All great things must come to end, and last week saw the demise of one of the best bands of the past decade: the Vivian Girls. The Vivian Girls (their cool name refers to this) were a Brooklyn-based female trio who integrated punk, garage rock, and classic girl group influences to forge a unique and exciting sound, at once hard-driving and melodic. The first of their three albums, released in 2008, helped kickstart a lo-fi revival, and they’ve influenced a host of female-fronted bands that have come along since, such as Best Coast, the Dum Dum Girls, and Neverever.

They were much beloved by their fans, but being women who tried to do something in the world, they also received far more than the usual share of hate, as this Pitchfork piece about their break-up makes depressingly clear. Musician Kip Berman had this to say: “The unrelenting chauvinist vitriol levied at this band made me realize that there is nothing better about indie culture compared to mainstream culture.
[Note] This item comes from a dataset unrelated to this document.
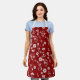 Great color and even though I ordered the kid size, it covers well enough to use during the holidays. I am not a big woman and prefer a shorter apron. I stand 5"6" and the length of the garment goes to mid-thigh. The tie straps fit well at my waist and even though there is no neck strap adjustment, the opening is plenty big enough. I am happy with the size and fit. I am sharing my apron with my 10 year old grandson, too! The color is vibrant and looks good, as shown on the website. The stitching looks strong and reinforced. Photographed is front side and back side of the apron, reinforced straps and coloring. My phone camera may not be the best at showing the details.

No one has taken more s@#$ in the last five years than [frontwoman] Cassie [Ramone].” And Kathleen Hanna said that “reading BrooklynVegan [a music site] comments about Vivian Girls made her want to cry.”
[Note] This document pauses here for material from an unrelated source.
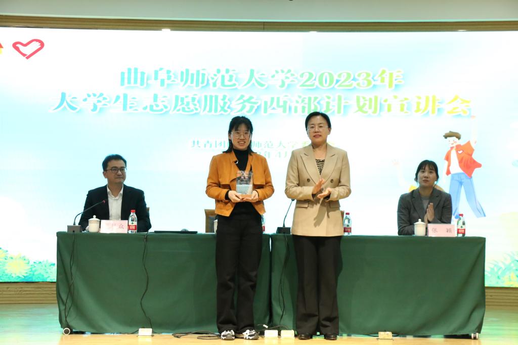 曲阜师大团委讯 为加深青年学子对大学生志愿服务西部计划的了解,鼓励同学们积极投身西部建设,4月21日,完美网页版举办2023大学生志愿服务西部计划宣讲会。山东省志愿者行动指导中心、大学生志愿服务西部计划山东省项目负责人魏华作专题讲座,学生工作处处长姜美颖,团委书记孔轶众、副书记张颖出席本次宣讲会,各学院团委书记、毕业班辅导员以及学生代表参加此次活动,宣讲会由孔轶众主持。

Earlier this year, the band announced it was calling it quits, and last week in New York, they played their final shows. The split seems amicable, and band members will continue with their offshoot projects: La Sera (bassist Katy Goodman), The Babies (lead singer/guitarist Cassie Ramone), and Upset (drummer Ali Koehler). Those groups are all well worth checking out, especially La Sera. But none of them have yet developed a sound as compelling as the Vivian Girls. They will be missed.